Op de zes scholen is onderzocht hoe een professionele leercultuur bijdraagt aan de projectactiviteiten en
andersom hoe activiteiten bijdragen aan het ontstaan van een dergelijke cultuur. Activiteiten en opbrengsten
in de pilots zijn in beeld gebracht aan de hand van semigestructureerde interviews met schoolleiding en
docenten, observaties bij professionaliseringsbijeenkomsten en via de scan Professionele leercultuur.
In zes schoolrapportages zijn aanwezige elementen van een professionele leercultuur, de manier waarop
leeropbrengsten landen in de school, en succes- en aandachtspunten voor een professionele leercultuur
beschreven. Op alle zes scholen heerst het belang dat men hecht aan samenwerken en samen leren van
docenten en de nadruk op een onderzoekende houding als elementen van een professionele leercultuur.
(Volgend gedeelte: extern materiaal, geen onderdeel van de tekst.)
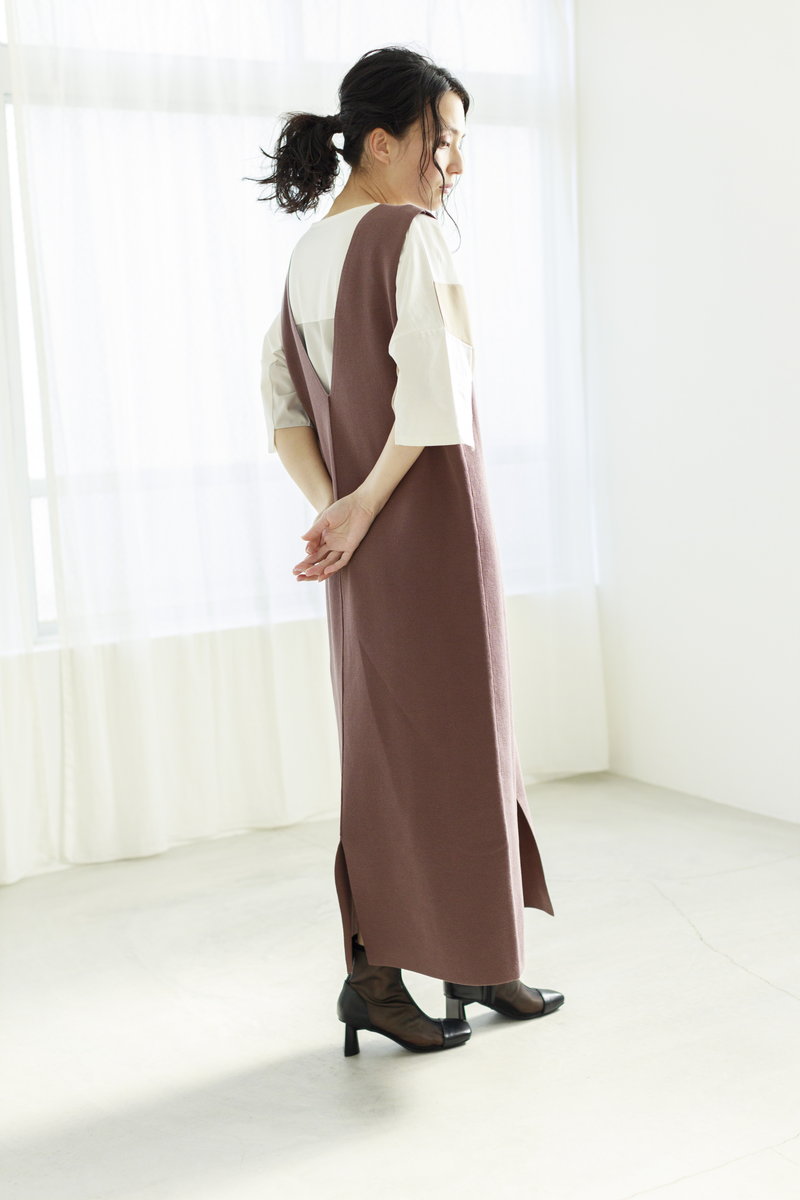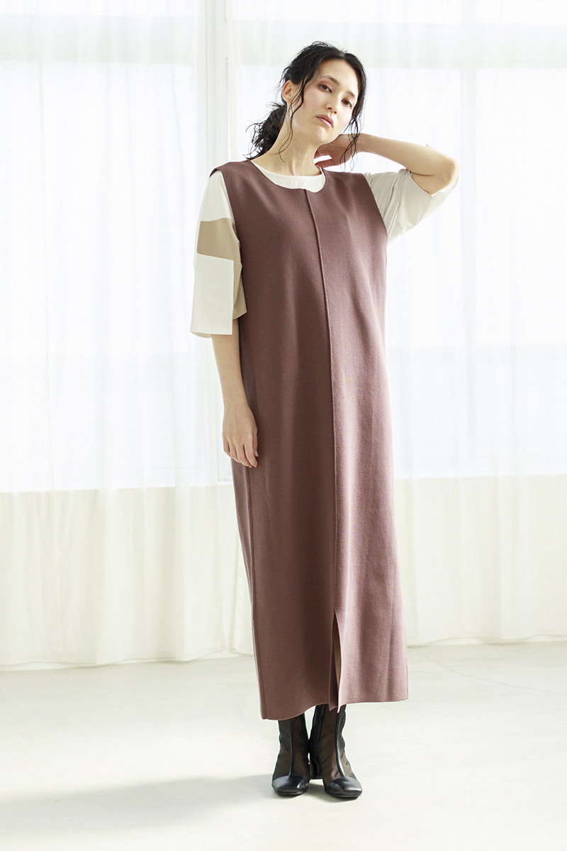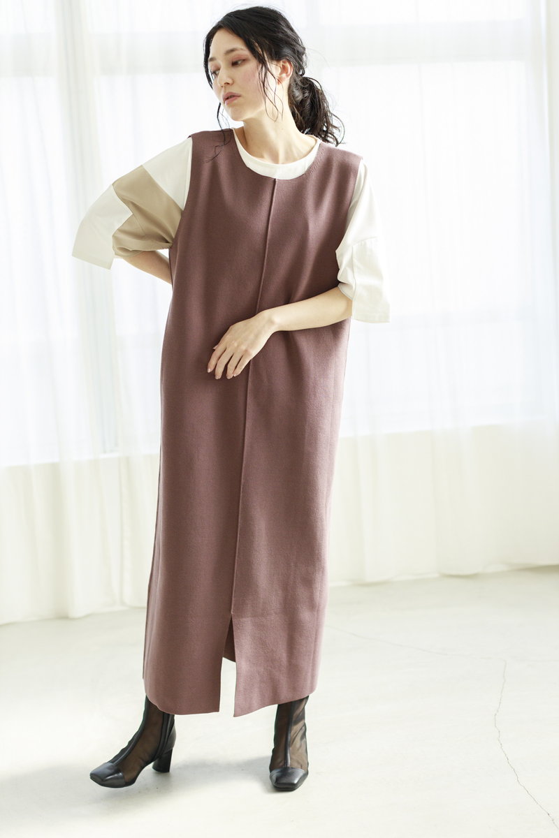 フラットなシルエットのニットワンピは、

De
scholen slagen er in verschillende mate in om dat ook inderdaad te bereiken. Er zijn scholen die er nadrukkelijk
voor kiezen om docentonderzoekers op te leiden en hen zelf onderzoek uit te laten voeren, maar er is ook een
school die aangeeft dat onderzoek een vak apart is dat niet door docenten hoeft worden uitgevoerd. Op deze
Oberon –
5
school hecht men overigens wel belang aan een onderzoekende houding. De rol van de schoolleiding in een
professionele leercultuur varieert van een vrij sterke aansturing ´van bovenaf´ tot een schoolleiding die vooral
ruimte biedt om initiatieven ´van onderop´, vanuit het team, te laten ontstaan.
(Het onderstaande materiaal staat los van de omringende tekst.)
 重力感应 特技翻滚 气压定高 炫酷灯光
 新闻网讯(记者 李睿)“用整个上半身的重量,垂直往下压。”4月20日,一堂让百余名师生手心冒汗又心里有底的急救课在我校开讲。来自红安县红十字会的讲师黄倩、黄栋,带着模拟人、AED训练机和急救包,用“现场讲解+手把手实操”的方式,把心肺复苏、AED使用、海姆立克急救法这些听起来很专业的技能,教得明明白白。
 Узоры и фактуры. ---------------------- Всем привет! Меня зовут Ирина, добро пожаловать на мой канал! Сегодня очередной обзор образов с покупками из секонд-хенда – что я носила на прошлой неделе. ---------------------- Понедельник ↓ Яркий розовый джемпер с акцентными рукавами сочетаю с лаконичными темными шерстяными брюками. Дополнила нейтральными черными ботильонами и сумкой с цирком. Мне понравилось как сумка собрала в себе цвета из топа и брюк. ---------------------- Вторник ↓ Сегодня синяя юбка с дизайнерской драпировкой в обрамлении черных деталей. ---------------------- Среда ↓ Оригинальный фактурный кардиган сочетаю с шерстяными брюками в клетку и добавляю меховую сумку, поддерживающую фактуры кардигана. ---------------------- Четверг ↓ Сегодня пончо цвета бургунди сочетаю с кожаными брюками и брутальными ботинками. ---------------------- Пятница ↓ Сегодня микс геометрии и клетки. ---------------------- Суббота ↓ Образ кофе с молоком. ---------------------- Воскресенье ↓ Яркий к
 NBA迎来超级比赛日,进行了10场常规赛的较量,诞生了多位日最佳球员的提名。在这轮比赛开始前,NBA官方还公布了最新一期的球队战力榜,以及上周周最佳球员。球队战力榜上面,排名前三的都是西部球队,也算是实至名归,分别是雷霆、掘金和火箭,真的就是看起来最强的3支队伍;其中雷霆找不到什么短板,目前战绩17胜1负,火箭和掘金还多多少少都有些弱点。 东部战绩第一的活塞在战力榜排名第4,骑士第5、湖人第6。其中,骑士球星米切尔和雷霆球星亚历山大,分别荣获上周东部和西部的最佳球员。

Voor het laten landen van leeropbrengsten van projectactiviteiten vinden de geïnterviewden het belangrijk dat
docenten allereerst worden geïnformeerd. Daarvoor worden workshops georganiseerd door docenten en
worden docenten tot trainers opgeleid die geleerde kennis of vaardigheden aanleren aan collegae. In sommige
scholen blijft het doorgeven van kennis beperkt door uitkomsten te bespreken in teams, vaksecties of op
studiedagen.
Bewust werken aan een professionele leercultuur heeft volgens geïnterviewden als succespunten dat er
daadwerkelijk geleerd wordt in de scholen en dat kennis en ervaringen van docenten meer met elkaar gedeeld
worden. Een terugkerend aandachtspunt is dat docenten als ze eenmaal geïnformeerd zijn over
(leeropbrengsten van) projectactiviteiten, ook gestimuleerd moeten worden om te handelen naar wat er van
ze verwacht wordt, zoals het tonen van een onderzoekende houding. Dat is een stap die niet door elke docent
genomen wordt. Scholen zien een kans voor schoolleiders om het goede voorbeeld te geven.
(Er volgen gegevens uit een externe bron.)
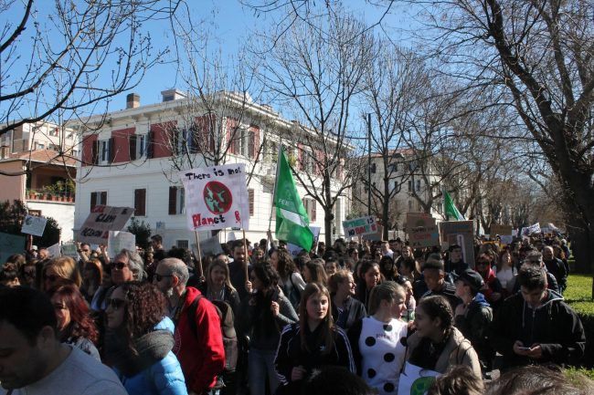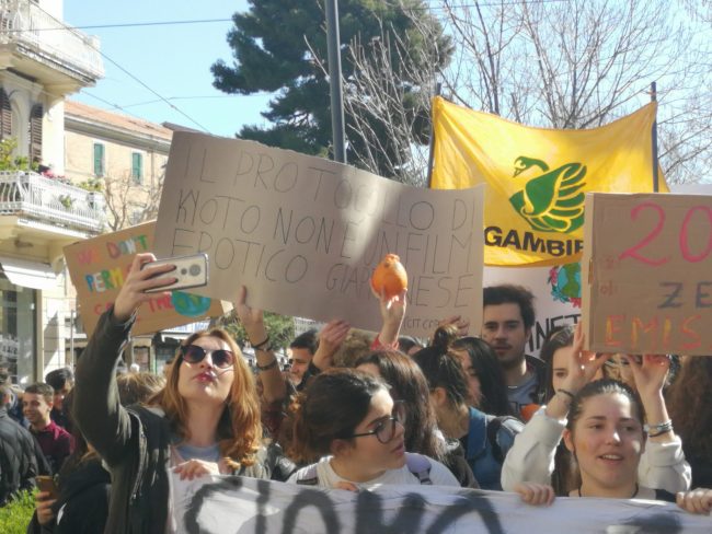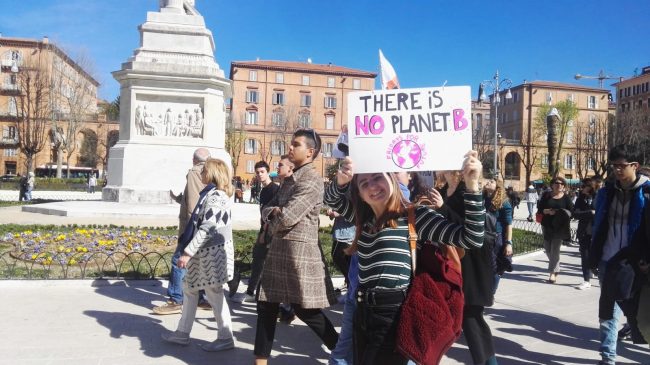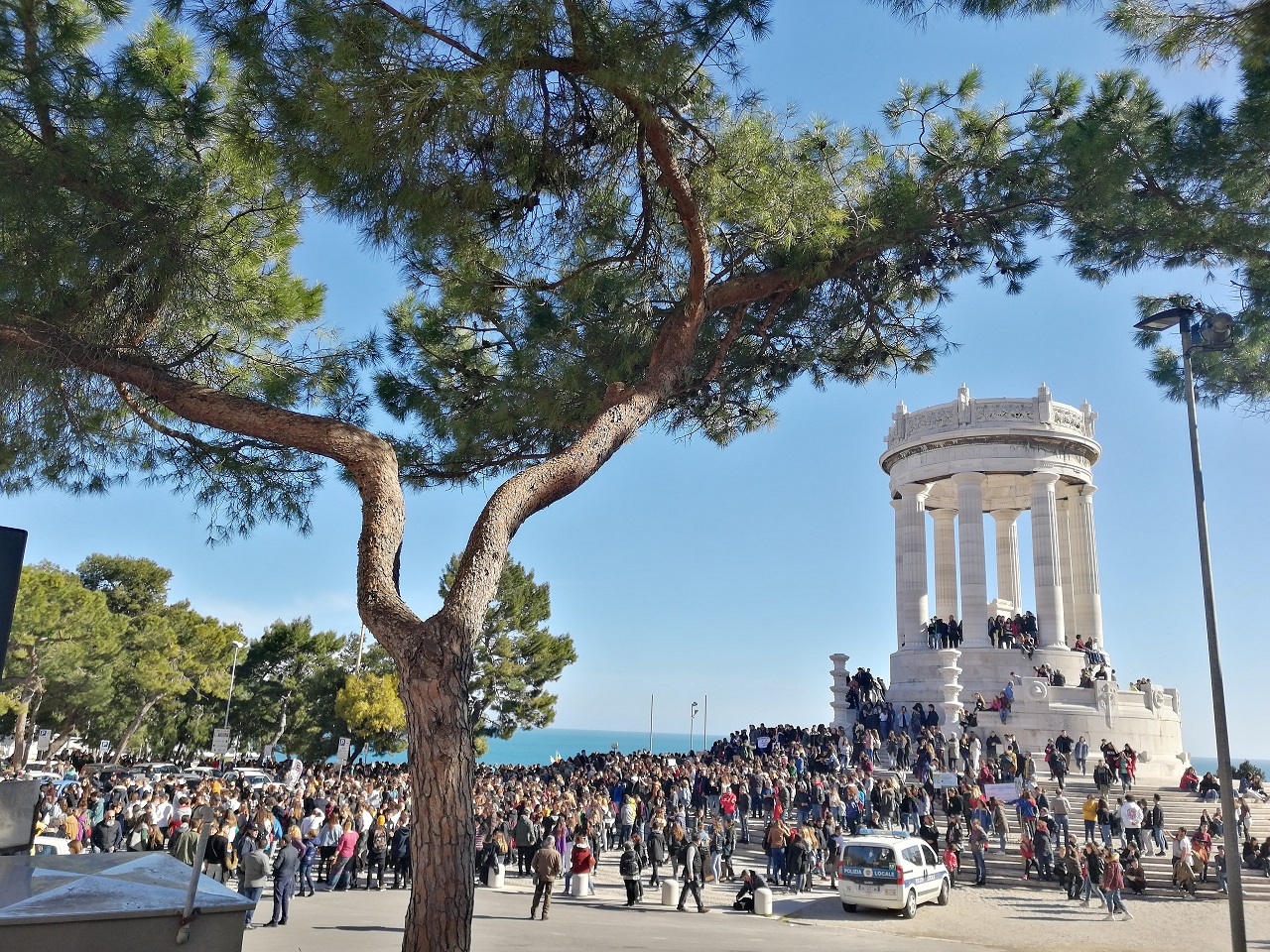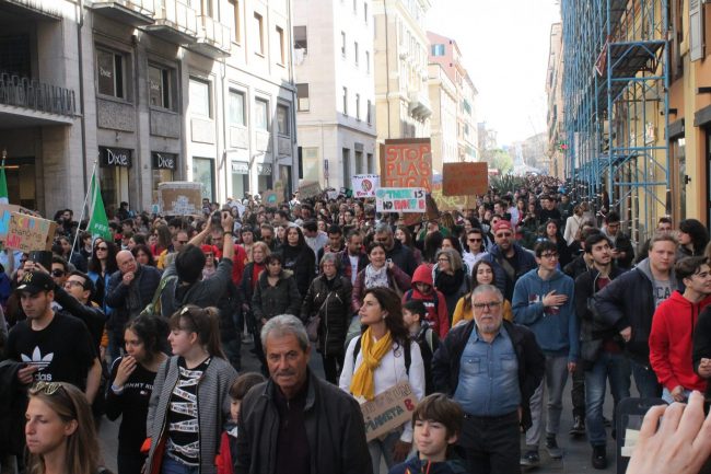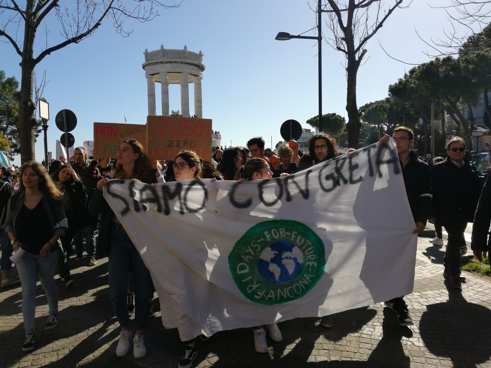 Non si ricordava una manifestazione così partecipata da anni per le vie della città. Il Global Climate Strike – Ancona ha richiamato tanti di quei giovani da lasciare sorpresi anche i più ottimisti. Oltre 4mila persone secondo gli organizzatori, comunque più di 3mila per la polizia. Ragazzi delle scuole superiori e delle università, persino delle primarie, hanno impugnato cartelli e scandito cori dal Passetto a Piazza Roma, in un corteo convocato a difesa del bene comune per eccellenza, la Terra, il suo clima, il suo ecosistema complesso e fragile, la casa di ognuno di noi e soprattutto di chi è più giovane. Quello di Ancona, come noto, non è stato un evento isolato. Cortei analoghi oggi si sono svolti su scala globale, in 123 paesi, 140 città italiane, con 2052 dimostrazioni nel mondo preparate da giorni, in un tam-tam dilagato dai social media anche alla informazione mainstream, nel segno di un’icona giovanissima, la sedicenne Greta Thunberg che dalla scorsa estate, ogni venerdì, ha iniziato a piazzarsi con un cartello davanti al Parlamento svedese contro il surriscaldamento globale. Raggruppati in hashtag come #FridayForClima #GlobalStrike e #15Marzo, solo nelle Marche si sono dati appuntamento altri giovani a Urbino, Pesaro, Fano, Senigallia, Jesi, Fabriano, Santa Maria Nuova, Cupramontana, Macerata, Camerino, Staffolo. Quella di Ancona è stata la manifestazione più grande, seguita da Macerata, e ha raccolto studenti da tutta la provincia e oltre. Anche le stesse forze dell’ordine hanno dato l’idea di aver sottostimato i numeri. Erano in formazione esigua a scortare il fiume di giovanissimi e giovani, lungo quasi 600 metri. Con gli studenti, hanno sfilato mescolati anche visi più in là con gli anni, fra attivisti di movimenti politici, associazioni e comitati, rappresentanti delle istituzioni, con o senza bandiere in un lungo elenco. La manifestazione è rimasta sostanzialmente apolitica e colorata solo di fantasiosi cartelli e cori, soprattutto alla testa del corteo. «Siamo qui per informare, e non per protestate», si è più volte scandito al megafono, e poi «Come si diceva una volta, dobbiamo agire dal basso, non lasciarci vivere». Fra i cori: «Chi non salta indifferente è», «Ci avete rotto il clima», «Ridateci il futuro» e cartelli “Make the Earth Great Again”, “L’amore è nell’aria ma l’aria è sporca”. Sirio Papa, studente universitario ed uno dei coordinatori, spiega: «È nato tutto in internet, si è creata una rete di contatti. Non c’è un comitato centrale ma ogni città è rimasta libera di organizzarsi come credeva». In una piazza Roma affollatissima, con tanto di mercato nonostante la manifestazione e la ristrettezza di spazio, hanno chiuso la giornata gli interventi di due docenti dell’Università di Urbino, Michela Maione e Giovanni Marin. Entrambi, in una lezione a cielo aperto, hanno parlato dei rischi che il nostro mondo sta vivendo, dell’importanza degli accordi climatici, e quindi del futuro della platea di giovani seduti ad ascoltare, sotto un sole troppo caldo per essere marzo ma di risveglio delle coscienze.

Een professionele leercultuur kan gezien worden als een conditie voor het stimuleren van talenten van
leerlingen doordat docenten de mogelijkheid wordt geboden om onderling van elkaar te leren. De zes pilots
laten zien dat een project als deze bijdraagt aan een professionele leercultuur doordat zichtbaar is dat er
daadwerkelijk geleerd wordt, hoewel het de vraag blijft of dit leidt tot ander handelen van docenten.